A bench of Justices R M Savant and Sarang Kotwal directed the Centre to file affidavits, explaining the amended provision of the Indian Penal Code which prescribes life sentence or the capital punishment for repeat offenders in rape cases.

Bombay High Court seeks Centre's reply on pleas of Shakti Mills rape convicts

bombay high courtBombay High Court


The Bombay High Court today gave the Union government time till April 24 to file a reply on petitions filed by three convicts in the Shakti Mills gang-rape case challenging the constitutional validity of the law under which they were sentenced to death for a repeat offense.


A bench of Justices R M Savant and Sarang Kotwal directed the Centre to file affidavits, explaining the amended provision of the Indian Penal Code which prescribes life sentence or the capital punishment for repeat offenders in rape cases. Three of the five persons who were convicted by the sessions court here in 2014 -- Vijay Jadhav, Kasim Bengali, and Salim Ansari -- have moved the high court.

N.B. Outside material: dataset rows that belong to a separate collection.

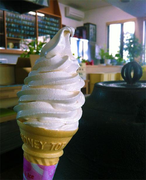 オリジナルそばソフトクリーム(200円)です。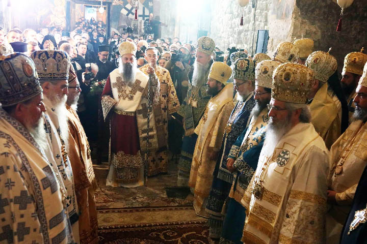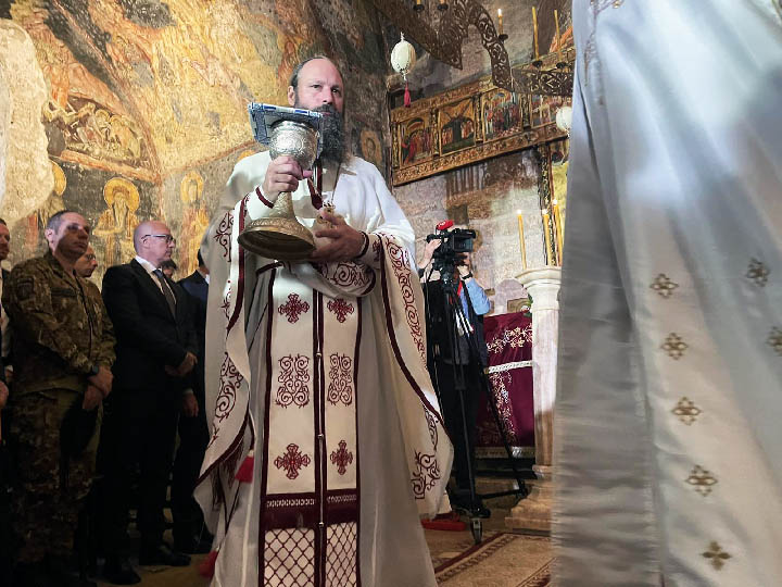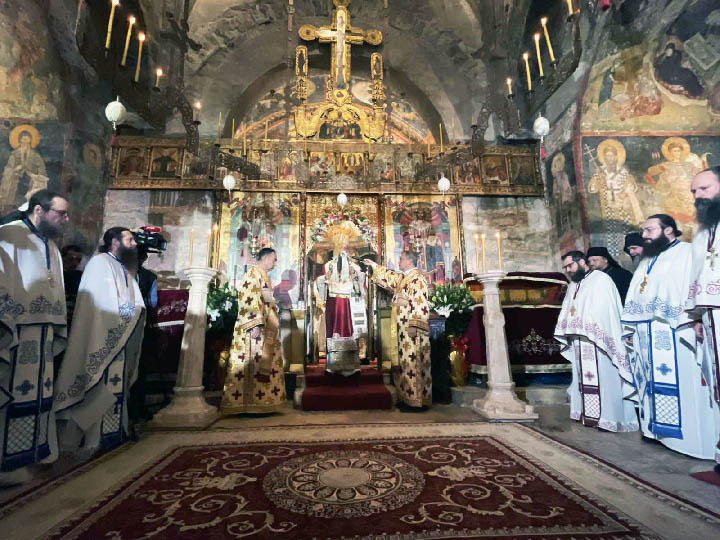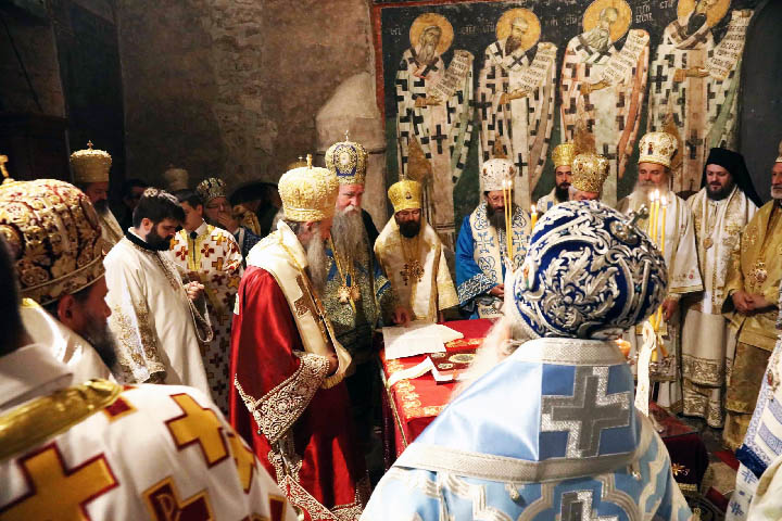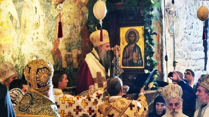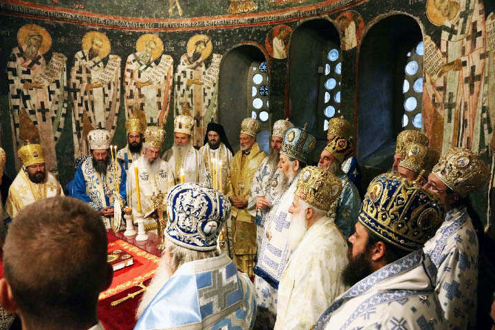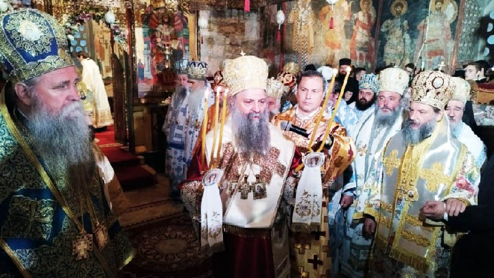 Његова Светост Патријарх српски г. Порфирије началствовао је светом Литургијом у древном манастиру Пећкој Патријаршији уз саслужење Његовог Блаженства Архиепископа охридског и Митрополита скопског Jована; високопреосвећених митрополита дабробосанског Хризостома, црногорско-приморског Jоаникија, будимпештанског и мађарског Илариона из Московске Патријаршије и преспанско-пелагонијског Петра из Македонске Православне Цркве – Охридске Архиепископије; преосвећене господе епископа сремског Василија, будимског Лукијана, бачког Иринеја, жичког Јустина, врањског Пахомија, шумадијског Јована, зворничко-тузланског Фотија, милешевског Атанасија, диселдорфског и немачког Григорија, рашко-призренског Теодосија, западноамеричког Максима, горњокарловачког Герасима, источноамеричког Иринеја, крушевачког Давида, славонског Јована, аустријско-швајцарског Андреја, нишког Арсенија, далматинског Никодима, осечкопољског и барањског Херувима, ваљевског Исихија, шабачког Јеротеја, западноевропског Јустина, стобијског Давида, ремезијанског Стефана, мохачког Дамаскина, марчанског Саве, брегалничког Марка.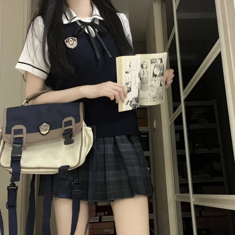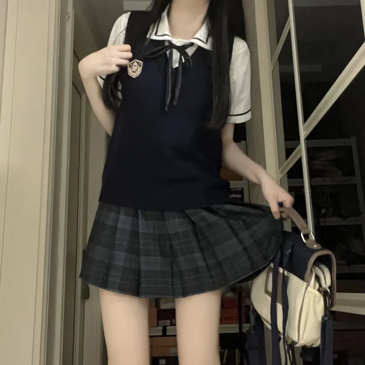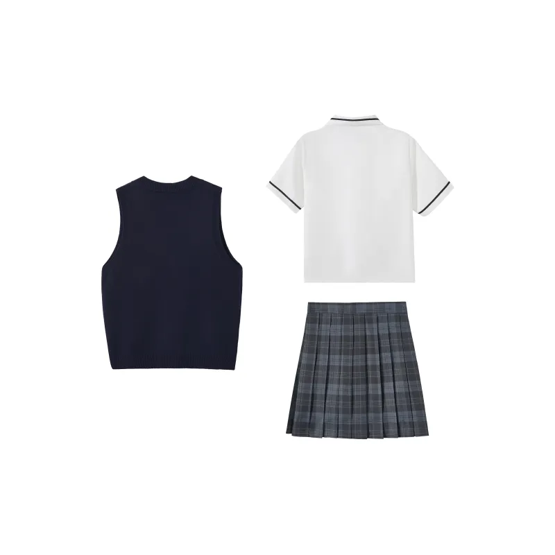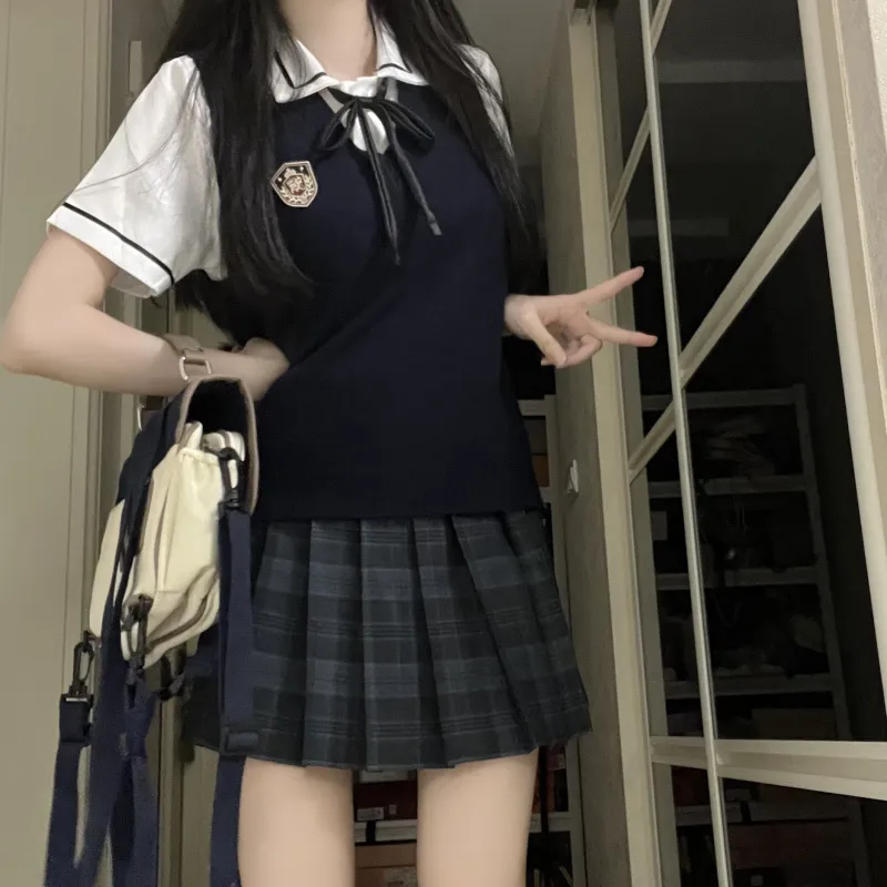 KAZAN Жилет FIVE Набор Темно-синий Жилет + Значок + Черный Полосатый Белая Рубашка + Синяя и Черная Клетчатая Юбка + Галстук-бабочка Женская Униформа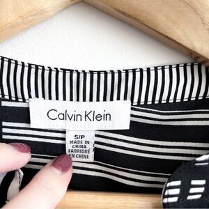 Calvin Klein Blouse High-Low Tunic Women's S Black White Pullover Side Slits

Bengali and Ansari challenged the sessions court order allowing the prosecution to invoke Section 376 (E) of the IPC when the trial was underway. They also challenged the constitutional validity of this section, brought in by the Union government after the infamous 2012 Delhi gang-rape case.

Jadhav filed a petition this year through senior advocate Yug Chowdhary on similar grounds. The Union government's lawyer, advocate Sandesh Patil, told the court today that draft affidavits-in-reply on petitions of Bengali and Ansari were ready but awaiting a nod from the law ministry.

As to Jadhav, advocate Patil sought more time, saying the convict had not served him a copy of the petition. The court then gave the government time till April 24.

On April 5, 2014, the three petitioners were convicted under the Section 376 (E) and sentenced to death for raping a city-based photo-journalist, as they were found to have raped another woman earlier. Siraj Khan, another convict, was sentenced to life imprisonment as he wasn't involved in the earlier rape, while a fifth accused, a minor, was sent to a correctional facility.

The petitioners contended that the sessions court acted beyond its power in awarding them the death sentence.
They also challenged IPC Section 376 (E). While death punishment is given only in "rarest of rare" cases, the constitutional validity of the criminal law amendment which effectively treats more than one offense of rape as "rarest of rare" should be examined, they said.

The photo-journalist, who had gone to the defunct Shakti Mills on an assignment with a male colleague, was gang-raped by the accused on August 22, 2013, sending shock waves through the city. The prosecution invoked Section 376 (E) when it was found that four of them had raped an 18-year-old telephone operator in the same place some months earlier.